In the light of these considerations, we do not find t hat the arrangement for a partial exemption entailed an excessive or unreasonable burden for parents who wished to make a request for an exemption, transgressing the margin of appreciation of the respondent State under Article 2 of Protocol No. 1, as interpreted in the light of Articles 8 and 9 of the Convention.

Moreover, certain safeguards existed in respect of decisions taken by the school authorities on parental notice of a request for a partial exemption. Such decisions could be appealed against to the National Education Office and, ultimately, to the national courts (see point 8 of the citation in paragraph 48 of the judgment ) .

We have further taken note of the provision in section 2-4(4) applying to situations where a partial exemption has been requested, namely that “the school shall as far as possible seek to find solutions by facilitating differentiated teaching within the school curriculum” (see paragraph 23 of the judgment ). A detailed outline with examples of how differentiated teaching was to be implemented may be found in Circular F-03-98, from which it can be seen that the teacher was to apply, in cooperation with the parents , a flexible approach, having regard to the parents ’ religious or philosophical affiliation and to the kind of activity in issue. We note in particular that for a number of activities, for instance prayers, the singing of hymns, church services and school plays, it was proposed that observation by attendance could suitably replace involvement through participation, the basic idea being that, with a view to preserving the interest of transmitting knowledge in accordance with the curriculum, the exemption should relate to the activity as such, not to the knowledge to be transmitted through the activity concerned (see paragraph 48 of the judgment ). We find no reason to question this approach, which was a matter of expediency that fell within the national margin of appreciation as to the planning and setting of the curriculum.

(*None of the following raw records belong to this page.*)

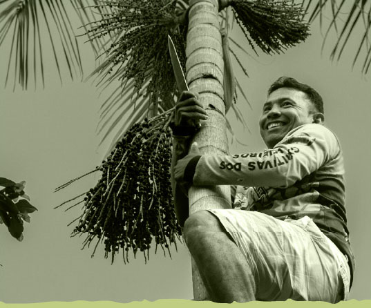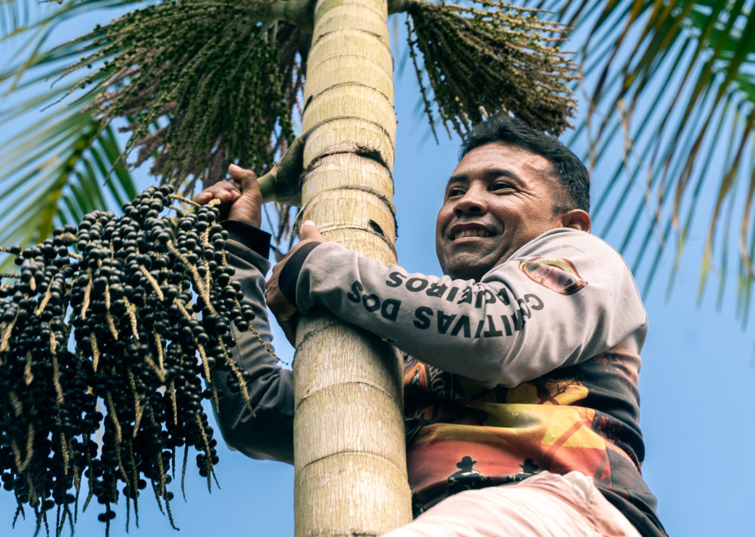 O trabalho da cooperativa cresceu rápido. Novos apoios possibilitaram a construção de poços artesianos, que hoje abastecem as casas da comunidade e a Agroindústria Florestal. E os horizontes se expandiram ainda mais: preocupados em regenerar a Amazônia, passaram a plantar mudas de árvores frutíferas para reflorestar áreas desmatadas pelo extrativismo, garimpo ou fogo.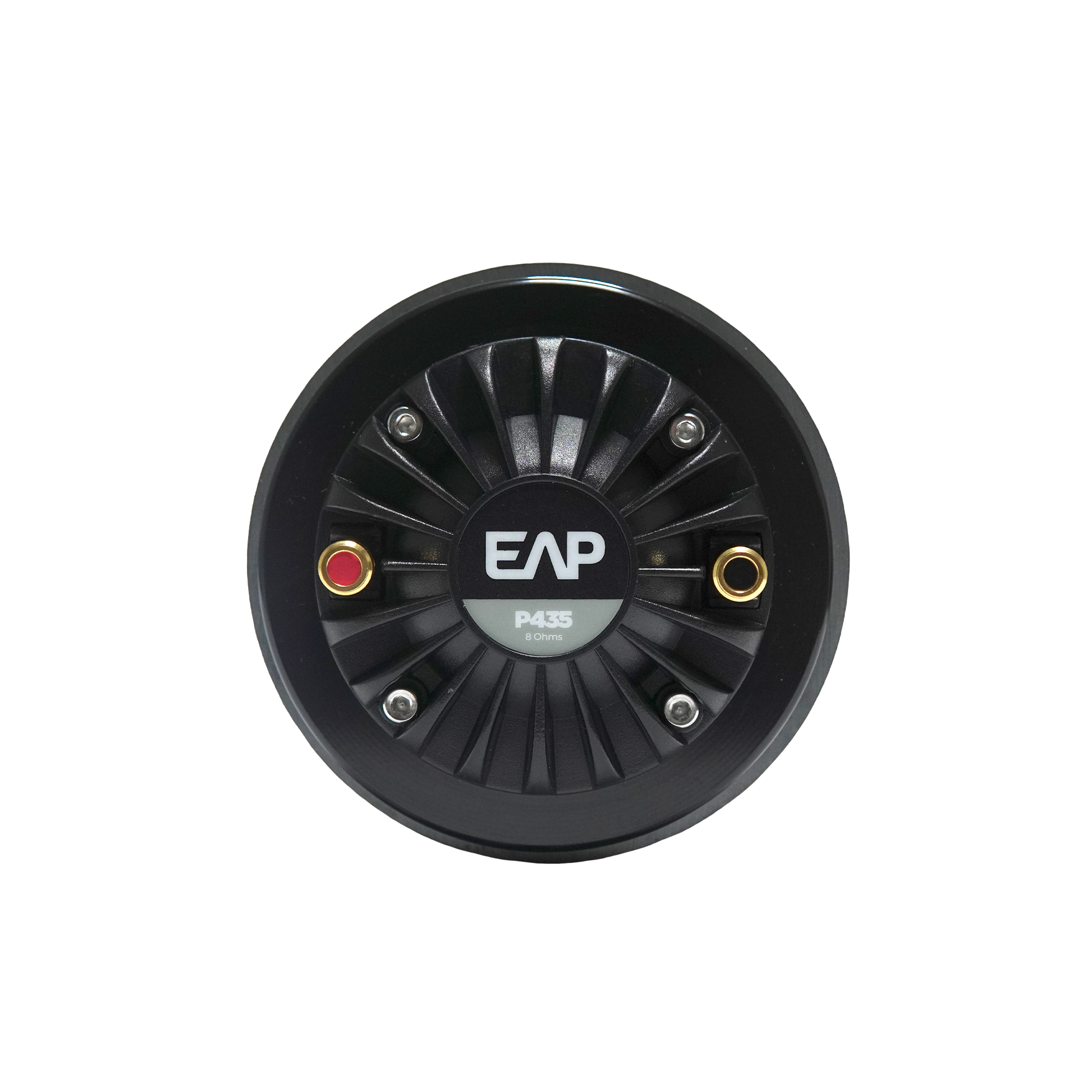 O Driver EAP P435 foi especialmente projetado para reproduzir médias e altas frequências, sendo ideal para sistemas de áudio que exigem alta qualidade, som aprimorado e durabilidade. Equipado com o exclusivo diafragma de domo em Poliimida Perolizada PearlDome®, oferece alta sensibilidade, baixa distorção e excelente confiabilidade, resultando em timbres precisos, sem os indesejáveis sons metálicos agudos. Seu conjunto magnético poderoso, desenvolvido com o software FEM (Método de Elementos Finitos), atinge 18.000 Gauss (1,8T). Fabricado com extrema precisão, assegura qualidade e confiança. A bobina móvel, feita de fio CCAR (Copper Clad Aluminum Ribbon) e enrolada em Kapton®, proporciona estabilidade e resistência térmica. Acabamento em pintura KTL (eletrodeposição catódica) garante excelente proteção anticorrosiva, superando 1.000 horas em testes de salt spray.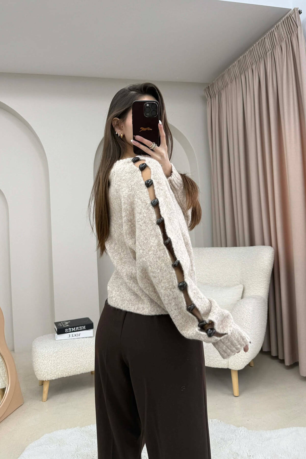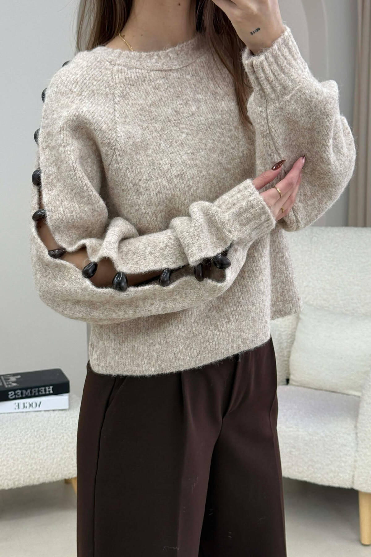 PULOVER ME JAKE RRETHORE DHE XHEPA PER FEMRA NE NGJYRE KREM

Against this background, we are satisfied that the respondent State, in fulfilling its functions in respect of education and teaching, had taken care that information or knowledge included in the curriculum of the KRL subject was conveyed in an objective, critical and pluralistic manner. It could not be said to have pursued an aim of indoctrination contrary to the parents ’ right to respect for their philosophical convictions and thereby transgressing the limits implied by Article 2 of Protocol No. 1.

Accordingly, the refusal to grant the applicant parents a full exemption from the KRL subject for their children did not entail a violation of Article 2 of Protocol No. 1.

[1] . The abbreviation used by the Committee for the KRL subject.